Parlamenter sistemin koalisyon'a yol açtığı,koalisyonların başarısız olması da ekonomik&siyasal krizlere sebep olduğu iddia ediliyor.Doğrudur!..
Fakat yeni sistemde daha tehlikeli bir durum var..

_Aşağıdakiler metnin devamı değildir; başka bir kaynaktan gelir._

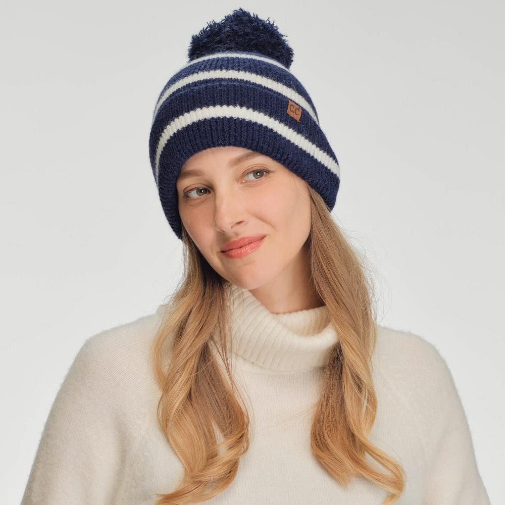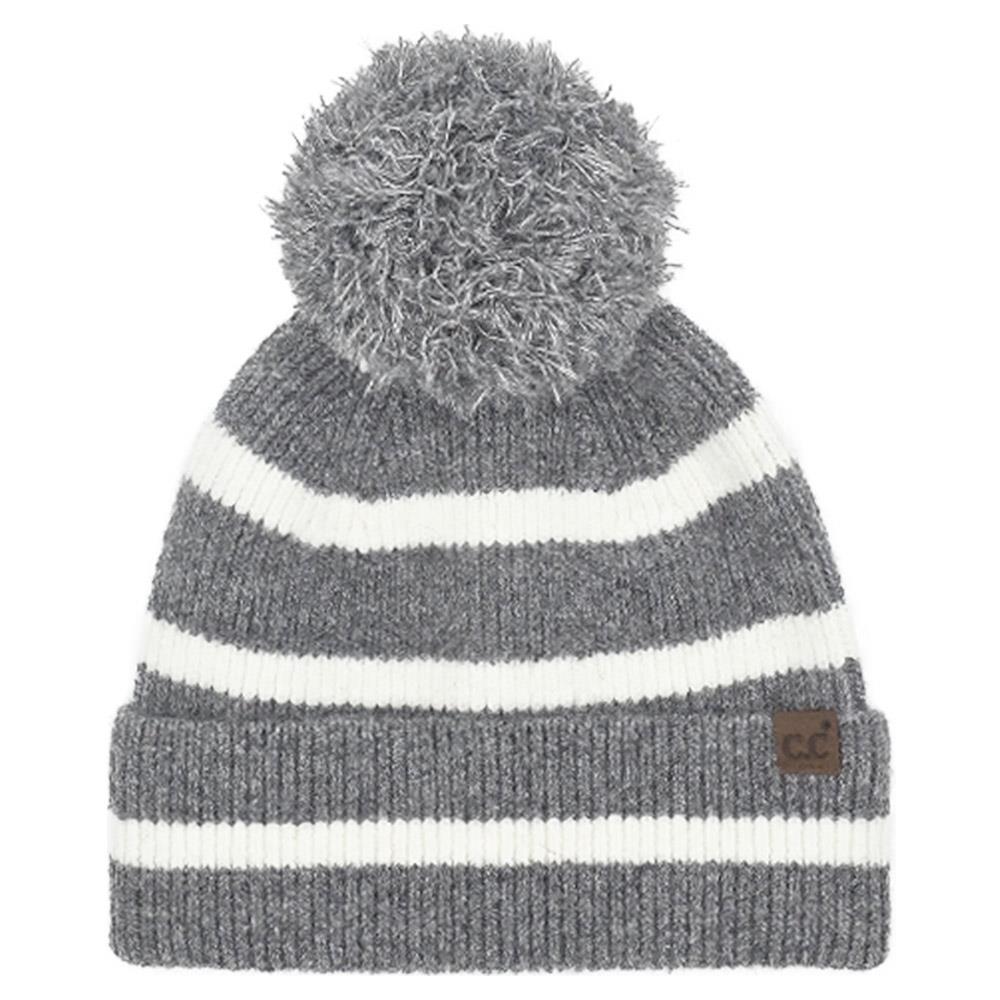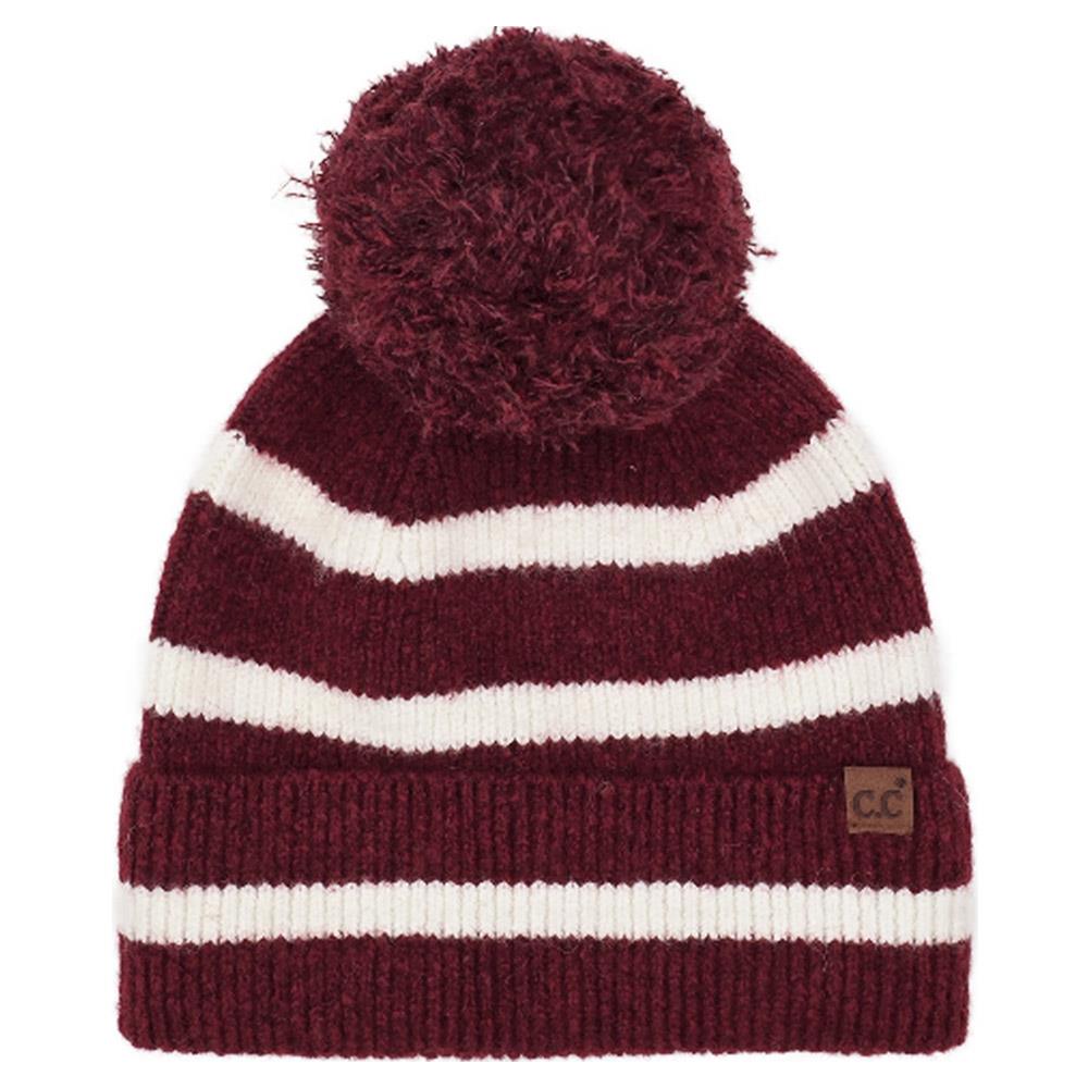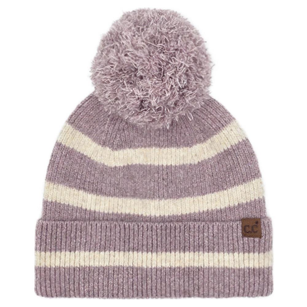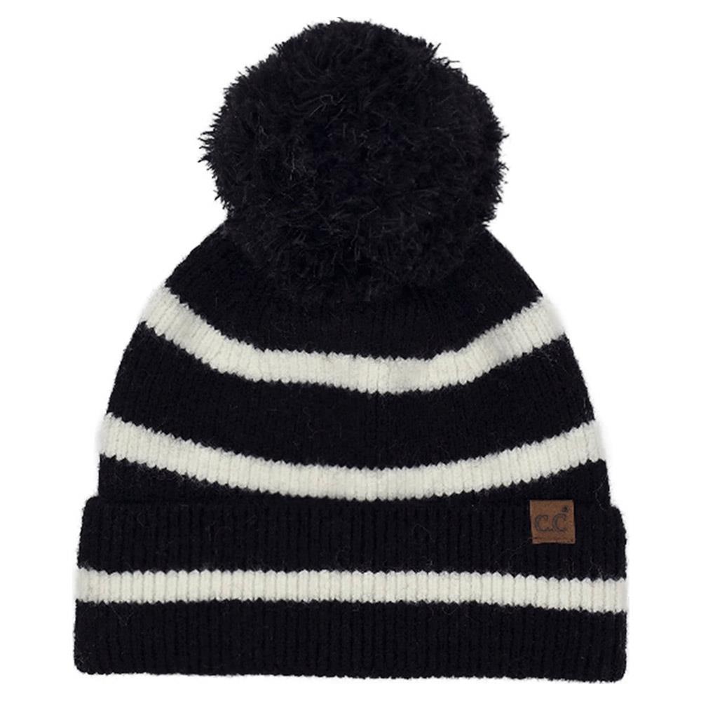 CC STRIPE YARN POM BEANIE

Mecliste güçlü olan partinin lideri eğer ''Başkan'' seçilemezse halk iradesi ortadan kayboluyor..Başkan aldığı yetkilerle her işi rahatçana yapabiliyor..''Bürokrasi''nin izin verdiği sürece...
Bu sistemde herkes ''Başkan'' olabilir..Bunun üstünden bir demokrasi havası estiriliyor...

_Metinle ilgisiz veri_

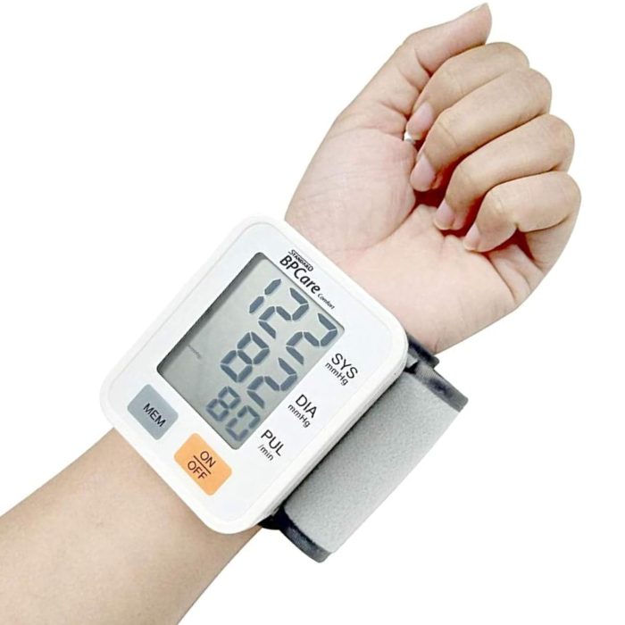 Overview standard BPCare comfort wrist is an excellent Bp monitoring device which helps you to check and manage blood pressure comfortably at [Home, Office, Sports club, Gym]. This BP machine is marketed in India by SD Biosensor Healthcare Pvt. Ltd. which is a renowned manufacturer of Healthcare Devices and Rapid Diagnostic test kits. This blood pressure wrist monitor has designed by R & D Team with focus of solving three purposes which are (Comfort to carry, Easy to perform, Accurate & match Gold standard). Key Features: # Fully Automatic. # Free Size Cuff. # Big LCD Display # 60 Memories # Motion Detection # Free Portable Carrying Case.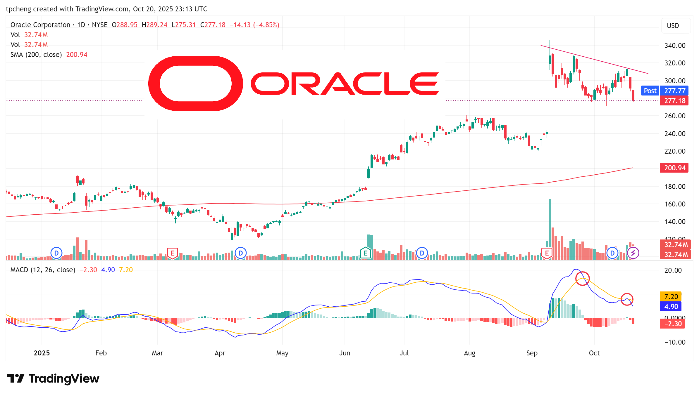 甲骨文(Oracle)跌4.85%,因OpenAI 3000億美元訂單資金來源不明;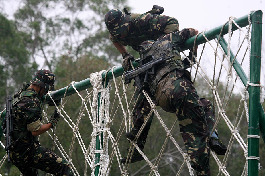 本网记者近日在中国人民解放军驻香港部队石岗营区训练场,观看了驻港部队侦察兵实弹突击演练。身穿迷彩服、面涂油彩的战士们冒着“枪林弹雨”,背负枪械攻克障碍,其间穿越火障、跨越滑桥、潜滩暗渡,更肩扛一百公斤的圆木进行二百米极限冲刺。这些障碍项目是对战士意志、体力与心理的多重磨练,连续通过二十一个项目,更是挑战体能的极限。郑祚声 摄

Gazeteci Emre Erciş'in dediği gibi bu sistem "Ya hep,Ya hiç" zeminine oturtuluyor..
Yani, Cumhurbaşkanı ve partisinin seçilmesi demek her şeyi eline alması, seçilememesi demek ise her şeyi kaybetmesi durumunu doğurmakta.(Emre Erciş)
Meclis Kaos sürecine sürüklenebilir..Meclis'te çoğunluğun karşı olduğu bir Cumhurbaşkanı ve yetki karmaşası...

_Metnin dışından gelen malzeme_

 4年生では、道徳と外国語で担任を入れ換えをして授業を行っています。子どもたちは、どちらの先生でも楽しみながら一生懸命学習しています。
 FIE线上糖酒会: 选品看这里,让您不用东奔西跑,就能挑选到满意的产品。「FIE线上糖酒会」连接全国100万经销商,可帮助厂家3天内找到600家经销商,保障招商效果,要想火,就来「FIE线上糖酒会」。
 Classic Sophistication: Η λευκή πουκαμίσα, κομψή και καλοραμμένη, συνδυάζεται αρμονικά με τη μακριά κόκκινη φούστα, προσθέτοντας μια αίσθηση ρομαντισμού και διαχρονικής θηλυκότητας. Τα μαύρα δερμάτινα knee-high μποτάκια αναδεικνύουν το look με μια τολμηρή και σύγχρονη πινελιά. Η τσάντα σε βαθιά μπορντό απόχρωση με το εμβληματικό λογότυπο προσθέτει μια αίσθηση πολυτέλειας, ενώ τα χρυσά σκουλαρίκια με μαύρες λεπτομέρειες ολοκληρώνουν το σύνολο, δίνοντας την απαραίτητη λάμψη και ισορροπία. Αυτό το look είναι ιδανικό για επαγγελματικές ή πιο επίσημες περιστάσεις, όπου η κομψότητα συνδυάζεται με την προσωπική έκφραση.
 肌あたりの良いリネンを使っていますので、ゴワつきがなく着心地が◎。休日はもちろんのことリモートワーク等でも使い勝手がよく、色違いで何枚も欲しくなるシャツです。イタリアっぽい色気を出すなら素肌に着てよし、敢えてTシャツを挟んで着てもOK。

Koalisyon'dan beter oluruz...
Ak Parti bu kargaşaya önlem alarak Cumhurbaşkanı'nın ve Meclis'in karşılıklı mutabakatla ''Erken seçim'' yetkisini vermiş..Hani 5 yıl kesintisiz icraattı? Bu sistemde 5 yıl içinde en az 3 defa seçim yaşarız..Buda siyasal istikrarsızlığı doğurur..
Emre Erciş süreci güzel açıklıyor..: -Peki,farzedelim ki "Milli irade"nin tecelli ettiği sandıktan Cumhurbaşkanı olarak Erdoğan çıkarken meclis çoğunluğunu kazanan parti CHP oldu..Veya Meclis çoğunluğu Ak Parti'den..Cumhurbaşkan'ı muhalefetten geldi..Erdoğan sonrası bu çok rahat oluşabilir...!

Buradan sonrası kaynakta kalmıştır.